Make it rule-based, and call the LLM as rarely as possible.
The most expensive mistake in an AI project is using the LLM for everything. The architecture that actually works is the opposite instinct. Build a system that is, in the end, as rule-based as possible, and reach for the LLM as rarely as you can. A flexible, hybrid setup where classic rules do the bulk of the work and the model is called only when the rules run out.
Start with what does not deserve a model at all. Keyword-based filtering, pre-processing and post-processing on simple matches, does not make much sense to hand to an LLM. What makes sense is classic, category-based filtering driven by the user's conditions. That does the job well and cheaply. Someone on a project proposed filtering with regexes, and the honest reaction is that it is fine but uninspired. The upgrade is not “throw a model at it.” The upgrade is a rule engine, hybrid, that uses the LLM on corner cases. Add a human envelope on top, human revisions, personalization, and now it actually sounds like cutting-edge work instead of a pile of regular expressions.

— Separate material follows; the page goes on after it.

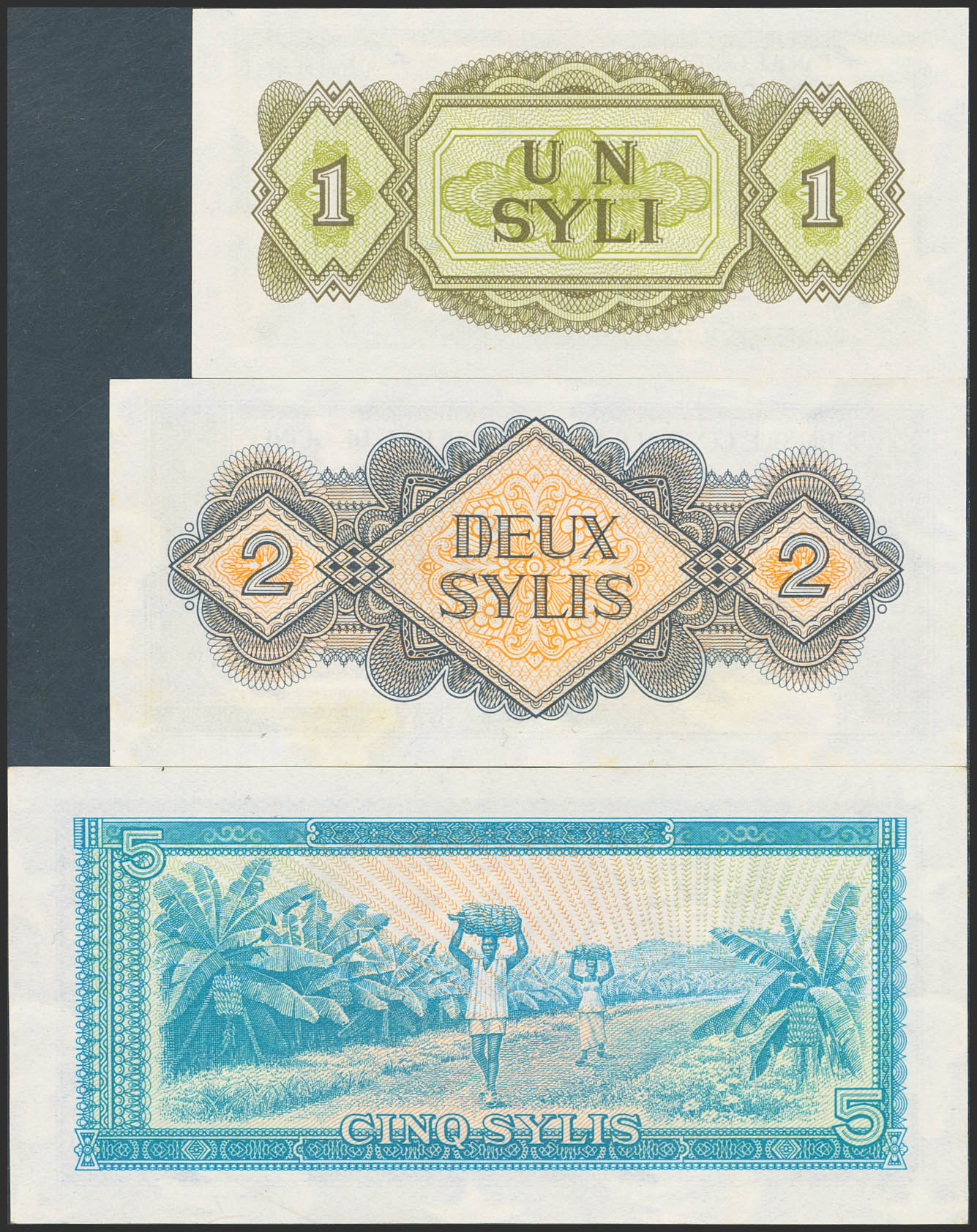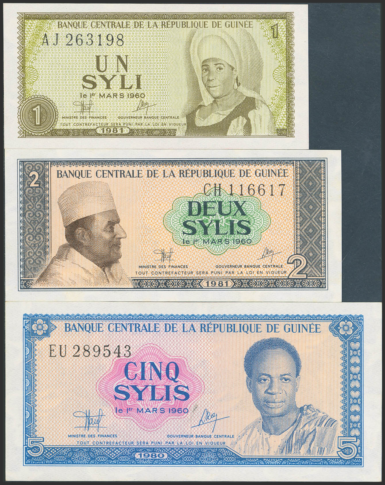 GUINEA. Lot of 3 notes from 1 to 5 Sylis. 1980 and 1981. Banque Centrale. (Pick: 20a, 21, 22). Uncirculated.

The reason to be stingy with the model is not stinginess, it is physics and economics. You cannot just point an LLM at your database. It will eat millions of dollars in tokens, the context windows get enormous and get truncated somewhere, it will be inaccurate, it will hallucinate, its focus will smear, and the right way to implement it is a completely different principle. That is the line people skip past when they imagine an AI that just reads everything. It does not work that way, and it bankrupts you while not working.

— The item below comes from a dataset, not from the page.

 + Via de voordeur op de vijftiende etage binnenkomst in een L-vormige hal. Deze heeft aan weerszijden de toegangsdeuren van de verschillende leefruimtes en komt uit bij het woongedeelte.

Two practical decisions fall out of this, and I have made both with clients. First, the custom-LLM question. One of my first questions on a recent project was whether they needed their own LLM, and the answer was a flat no. Somebody had clearly explained to them what a custom LLM actually involves. So you take one of the top players, and while they named everyone, Claude and the rest, the choice often lands on a mainstream API. You are not training a model. You are connecting one to your already-parsed data, and standing up the vector layer that lets it search that data. The work is connection, not training.
Second, where the model genuinely earns its keep. For these clients, the most valuable part was unmistakably the LLM piece, but for a specific job: catching errors. They said if we can really see it identify something, find mismatches, flag where a SKU should be and instead there is some strange word that does not belong, that is the value. The model is not there to do the bulk processing. It is there to be the thing that notices the cell that is wrong. All the awkward edge cases people worry about should not have to be hand-coded, because writing a Python script for every possible scenario would cost hundreds of hours. With ML and an LLM on the corner cases, you cover them far faster, and the rule-based core handles the rest cheaply.
There are smarter patterns once you accept this division of labor. For genuinely complex queries, the kind that need research or specialized handling, you can fire the request to several models in parallel, let them each respond, and have one more model, a judge, compile the answers into a single strong one. That is firepower aimed precisely where it is justified, not sprayed across every routine lookup.
And keep a backup plan, because the central assumption is unproven until you test it. I am genuinely not yet certain that a model can find what we need inside our database, even though I suspect the real issue is the prompt. That is a concept, not a validated assumption, and you should treat it as one. Build the rule-based core you can trust, reserve the LLM for the corner cases and the error-catching where it is irreplaceable, and verify the risky part before you bet the architecture on it. Minimize the model. Do not worship it.